§ **Assignment**
Below is a listing; print exactly its lines from the one containing "Para enfeitar a" down to the one containing "This section explains", both inclusive, with every picture left out.

§ **Source data**
•••••

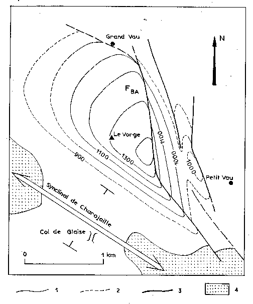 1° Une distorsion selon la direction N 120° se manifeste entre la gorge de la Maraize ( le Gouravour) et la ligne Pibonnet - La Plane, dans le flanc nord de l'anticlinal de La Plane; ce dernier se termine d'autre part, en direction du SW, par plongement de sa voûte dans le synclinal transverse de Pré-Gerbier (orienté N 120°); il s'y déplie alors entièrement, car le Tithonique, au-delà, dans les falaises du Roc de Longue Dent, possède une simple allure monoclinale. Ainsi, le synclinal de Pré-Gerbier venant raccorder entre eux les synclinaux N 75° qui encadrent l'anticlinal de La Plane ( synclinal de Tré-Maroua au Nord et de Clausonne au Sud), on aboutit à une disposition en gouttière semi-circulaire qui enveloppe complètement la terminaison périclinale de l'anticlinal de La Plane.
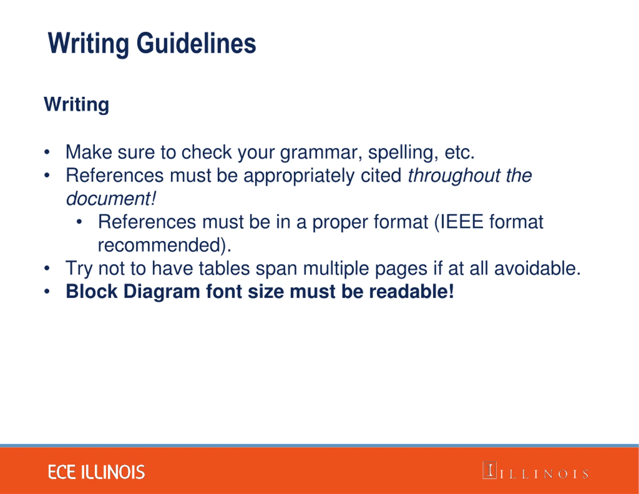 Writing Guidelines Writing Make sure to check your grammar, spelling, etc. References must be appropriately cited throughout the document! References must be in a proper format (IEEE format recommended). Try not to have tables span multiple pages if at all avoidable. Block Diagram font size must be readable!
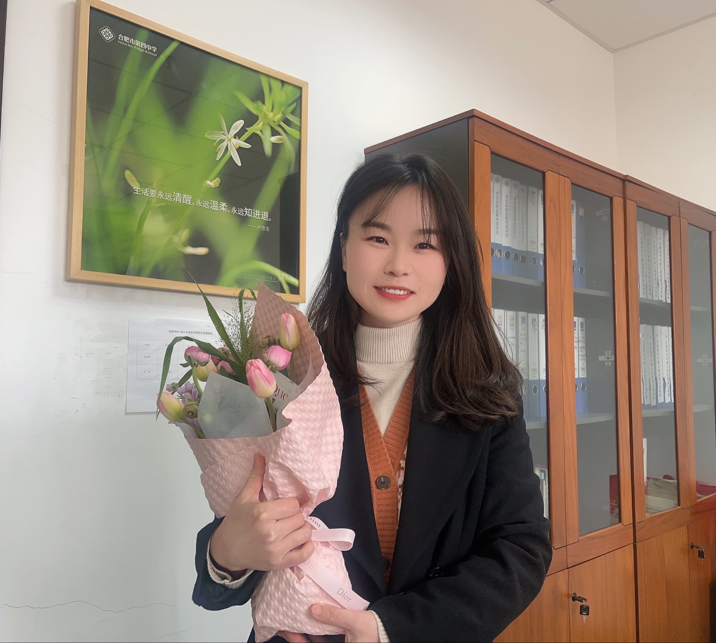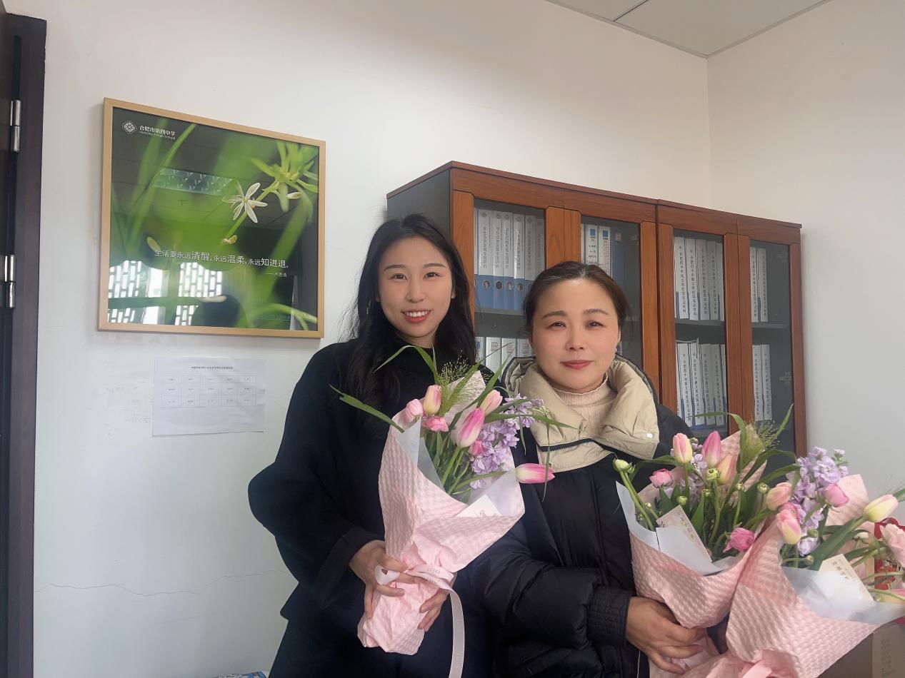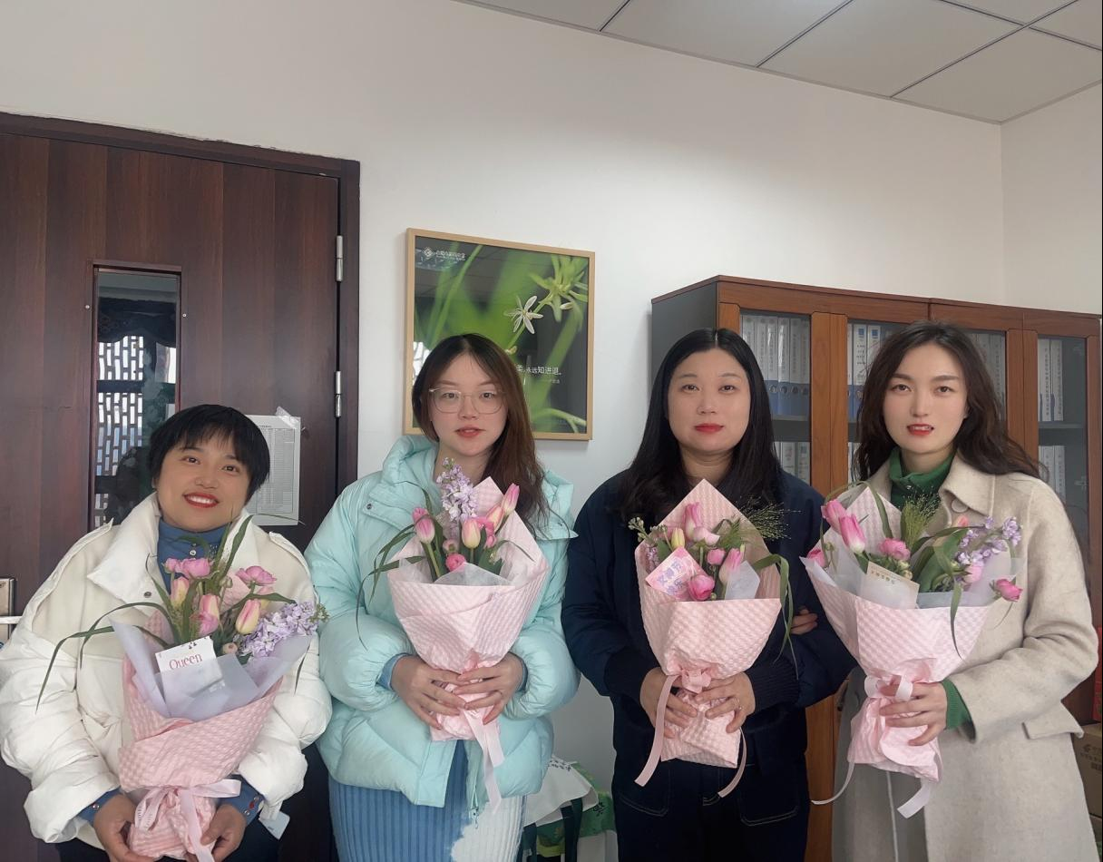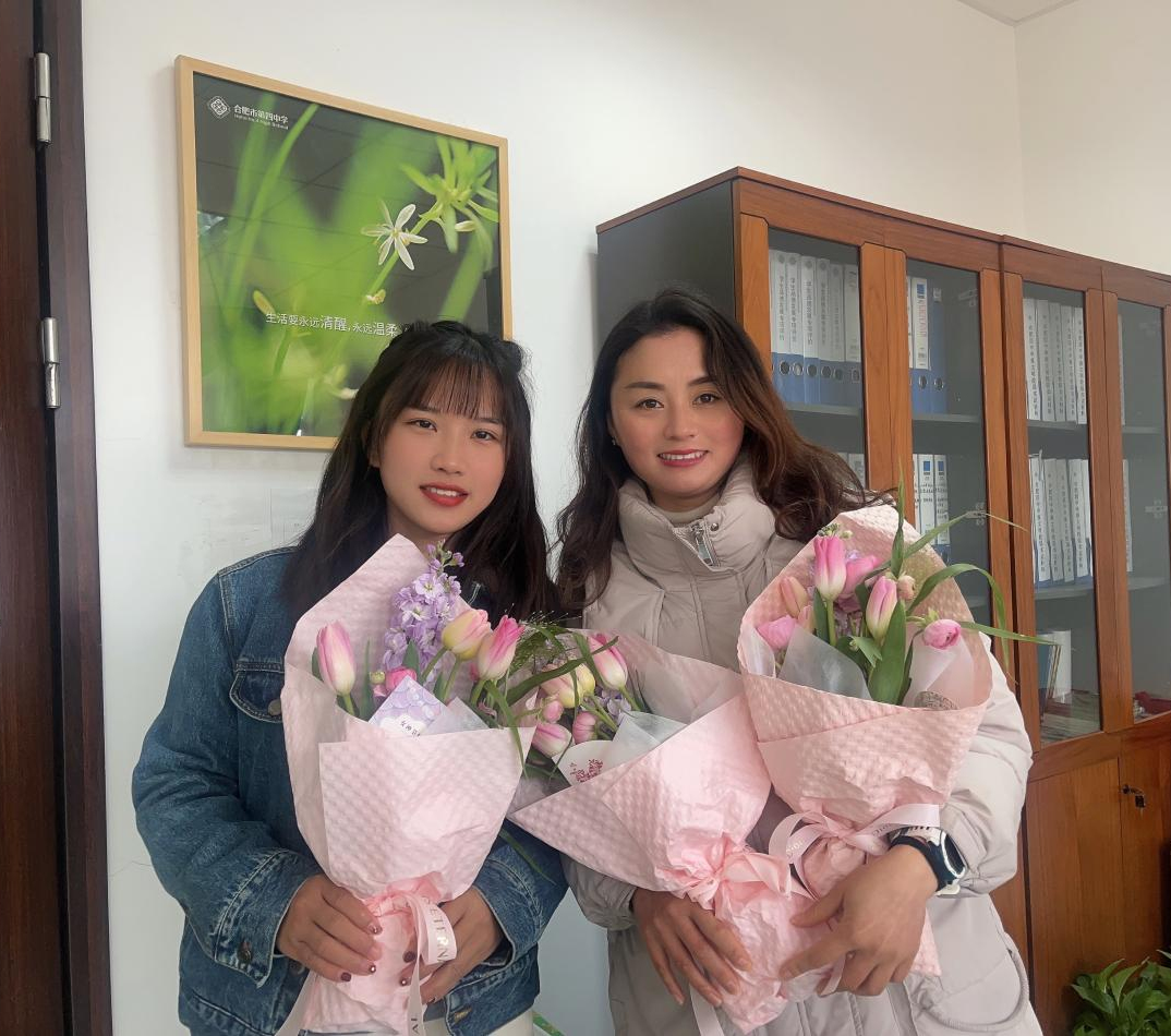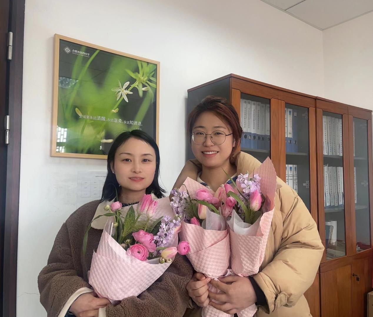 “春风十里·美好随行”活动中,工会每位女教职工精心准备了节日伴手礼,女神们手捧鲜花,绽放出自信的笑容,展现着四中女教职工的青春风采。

•••••

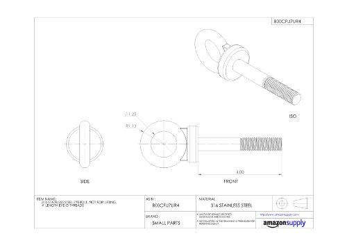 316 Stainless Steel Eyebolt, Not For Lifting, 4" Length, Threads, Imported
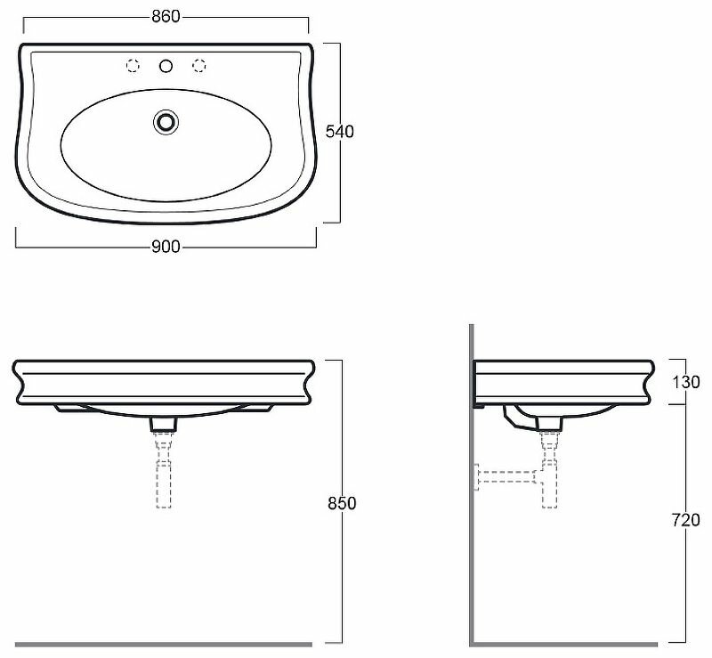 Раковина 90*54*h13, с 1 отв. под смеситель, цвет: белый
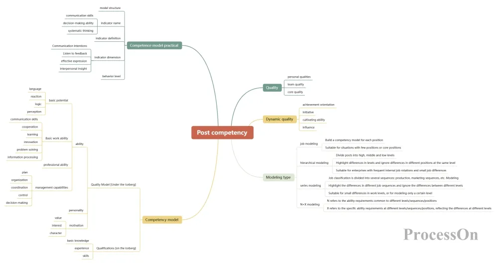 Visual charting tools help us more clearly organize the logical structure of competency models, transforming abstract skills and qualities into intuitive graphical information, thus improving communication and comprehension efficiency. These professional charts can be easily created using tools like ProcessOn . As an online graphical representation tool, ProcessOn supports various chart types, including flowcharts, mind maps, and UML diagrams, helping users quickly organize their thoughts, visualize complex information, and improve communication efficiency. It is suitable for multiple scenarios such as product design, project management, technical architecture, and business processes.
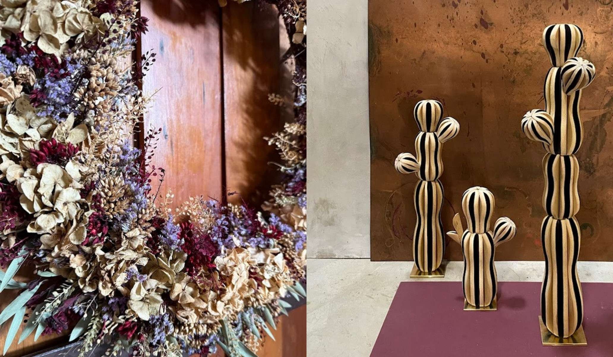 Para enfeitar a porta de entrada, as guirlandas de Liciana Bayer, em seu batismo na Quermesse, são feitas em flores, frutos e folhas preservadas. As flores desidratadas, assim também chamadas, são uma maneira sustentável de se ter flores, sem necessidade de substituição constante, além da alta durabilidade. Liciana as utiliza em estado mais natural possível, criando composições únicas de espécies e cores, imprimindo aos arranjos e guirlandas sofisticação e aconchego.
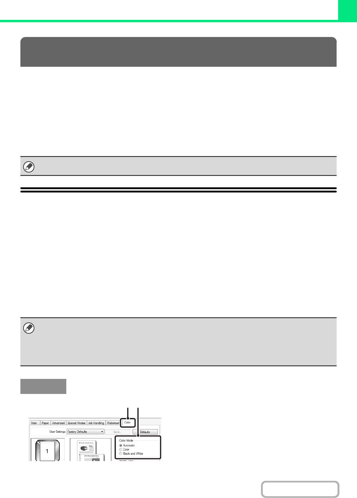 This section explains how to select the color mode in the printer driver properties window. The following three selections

•••••

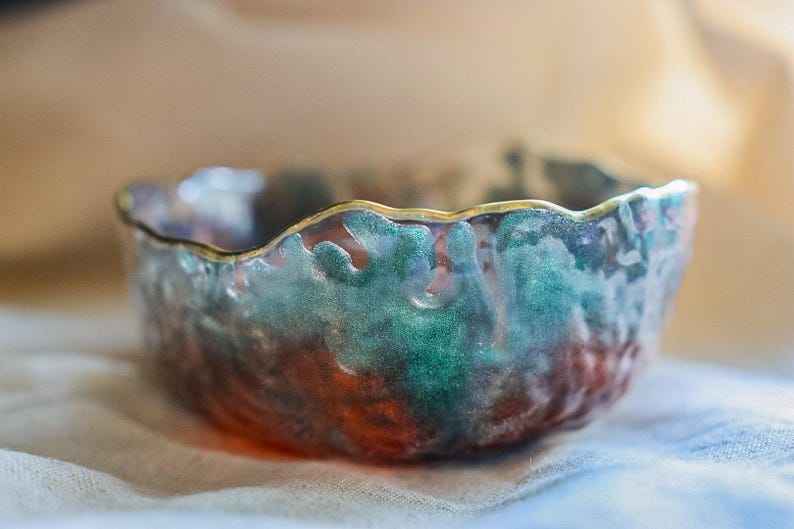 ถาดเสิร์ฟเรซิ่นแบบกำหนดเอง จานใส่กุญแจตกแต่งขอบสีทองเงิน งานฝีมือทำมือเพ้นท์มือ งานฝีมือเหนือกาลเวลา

•••••

§ **Task answer**
 Para enfeitar a porta de entrada, as guirlandas de Liciana Bayer, em seu batismo na Quermesse, são feitas em flores, frutos e folhas preservadas. As flores desidratadas, assim também chamadas, são uma maneira sustentável de se ter flores, sem necessidade de substituição constante, além da alta durabilidade. Liciana as utiliza em estado mais natural possível, criando composições únicas de espécies e cores, imprimindo aos arranjos e guirlandas sofisticação e aconchego.
 This section explains how to select the color mode in the printer driver properties window. The following three selections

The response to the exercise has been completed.